Van Gogh’s scene shows a courting couple, arm in arm, with the figure of the man bearing a resemblance to the artist. They stroll past a row of his favourite cypresses. The setting was inspired by the small public park just in front of the Yellow House in Arles, which Van Gogh dubbed “the poet’s garden”.
Depicting lovers in the poet’s garden, The Lovers (October 1888) would have been the perfect painting for the National Gallery’s current exhibition, Van Gogh: Poets & Lovers (until 19 January 2025).
Vincent drew a small sketch of the painting in a letter to his brother Theo, along with a short description: “A row of green cypresses against a pink sky with a pale lemon crescent moon. Foreground a piece of waste land, and some sand and a few thistles. Two lovers, the man pale blue with a yellow hat, the woman has a pink bodice and a black skirt.”
Interestingly, although the crescent moon is recorded in Van Gogh’s sketch and description, it seems to be absent in the photograph. Perhaps the moon fails to stand out in the 1919 black-and-white image, but it is more likely that the artist changed his mind and omitted it in the final painting.
There is a coloured reconstruction of what the painting might have looked like on the internet, although this is only partially successful. In the completed painting the sky probably did end up with a pinkish tinge, suggesting twilight, as did the woman’s bodice—as Van Gogh describes.

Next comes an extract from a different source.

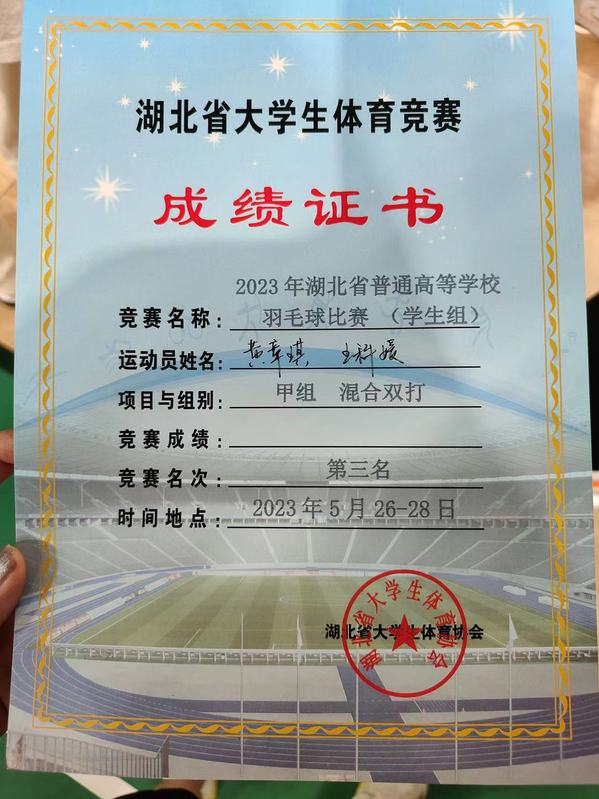 本届2023湖北省大学生羽毛球锦标赛由湖北省大学生体育协会主办,比赛分为团体比赛和单项比赛两个比赛项目,两个项目各分为四组进行比赛,其中单项比赛主要包括男女单打、男女双打和混合双打三种。团体赛采用三场二胜制,主要分为两个阶段进行,第一阶段采用分组循环;第二阶段采用交叉淘汰出前八名,而单项赛采用淘汰赛及附加赛的方法决出前八名。米乐mile官方网站队员王科媛、黄章琪在比赛中相互配合、协同作战,凭借出色的表现获得了第三名。

Van Gogh’s picture was done in late October 1888, just a few days before the arrival of Paul Gauguin, in whose bedroom it would soon hang. The early history of The Lovers remains obscure, but in 1893 (or possibly a few years later) it was acquired by the distinguished art historian Julius Meier-Graefe.
A later owner was the German couple Carl and Thea Sternheim, who were both writers, but when they divorced in 1927 a dispute arose over which of them owned their small group of important Van Goghs. The Lovers was effectively subjected to a tug of war, which was eventually won by Thea. In 1929 she sold the picture to Berlin’s Nationalgalerie.
The Lovers remained in the Berlin museum until it was declared to be “degenerate” art by the Nazis. In October 1937 it was confiscated by the Ministry of Public Enlightenment and Propaganda. By spring 1938 it had somehow been acquired by Hermann Göring, Hitler’s deputy, who sold it through the Berlin dealer Josef Angerer. It was then valued at 100,000 Reichmarks (around $40,000).
Göring apparently sold off The Lovers to raise funds for other art purchases, but the buyer is unrecorded. No trace of the Van Gogh could be found after the war. The painting may well have been destroyed, most likely by bombs, but it is also possible that it was hidden away for safekeeping or seized by a looter. There remains a remote possibility that it could still turn up one day, abandoned in a loft or wherever.